Per ulteriori informazioni su SQL Server Management Objects (SMO), vedere SQL Server Management Objects (SMO) nella documentazione online di SQL Server.
SQL Server Migration Assistant (SSMA)
A partire da SQL Server Migration Assistant 2008 per Access versione 4.2, in SSMA è consentita la migrazione di schemi e dati Microsoft Access a Database SQL di Windows Azure ed è disponibile il supporto per i database Access 2010.
In Microsoft SQL Server Migration Assistant 2008 per MySQL versione 1.0 è supportata la migrazione di schemi e dati MySQL a Database SQL di Windows Azure.
Per ulteriori informazioni su SQL Server Migration Assistant (SSMA), vedere Migrazione a SQL Server 2008 nel sito Web SQL Server.
Microsoft Access
In Microsoft Access 2010 sono supportate le connessioni al Database SQL di Windows Azure tramite ODBC in caso di utilizzo con i driver ODBC SQL Server più recenti. Per ulteriori informazioni, vedere la pagina relativa ad Access 2010 e database SQL di Windows Azure e l'articolo sullo spostamento di dati Access nel cloud nella pagina Wiki di TechNet.
PowerPivot per Excel
PowerPivot per Excel è un componente aggiuntivo che consente di eseguire efficaci analisi di dati in Excel 2010 e disporre di Business Intelligence in modalità self-service direttamente sul desktop.
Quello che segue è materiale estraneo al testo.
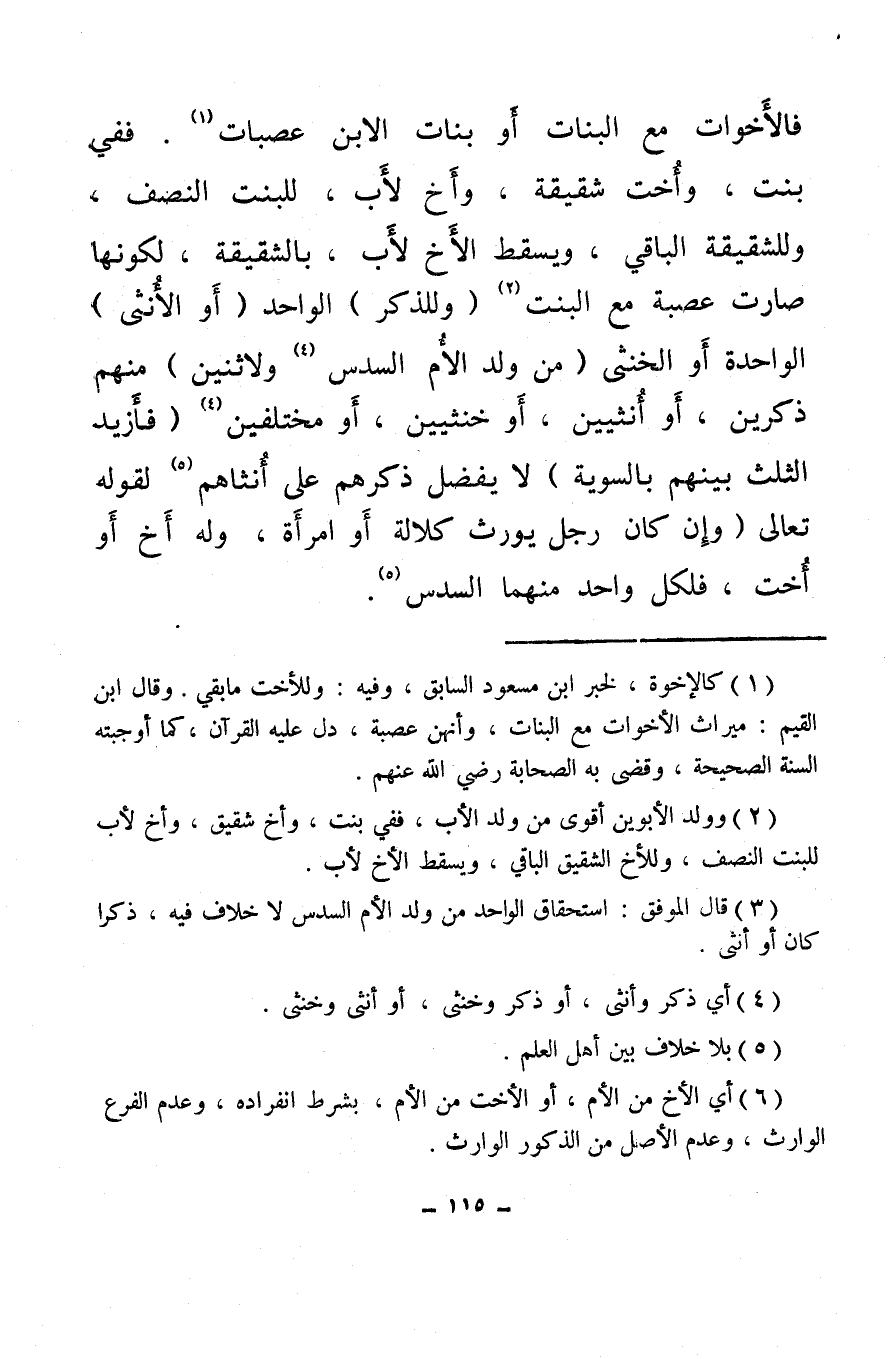 (¬1) كالإخوة، لخبر ابن مسعود السابق، وفيه: وللأخت ما بقي. وقال ابن القيم: مراث الأخوات مع البنات، وأنهن عصبة، دل عليه القرآن، كما أوجبته السنة الصحيحة، وقضى به الصحابة - رضي الله عنهم -.

PowerPivot per Excel include una finestra per l'aggiunta e la preparazione dei dati e una scheda PowerPivot nella barra multifunzione di Excel da utilizzare per la modifica dei dati in un foglio di lavoro Excel.
In PowerPivot per Excel è inoltre inclusa una procedura guidata utilizzabile per importare dati da istanze di Database SQL. Per ulteriori informazioni, vedere la pagina relativa a PowerPivot per Excel nella documentazione online di SQL Server.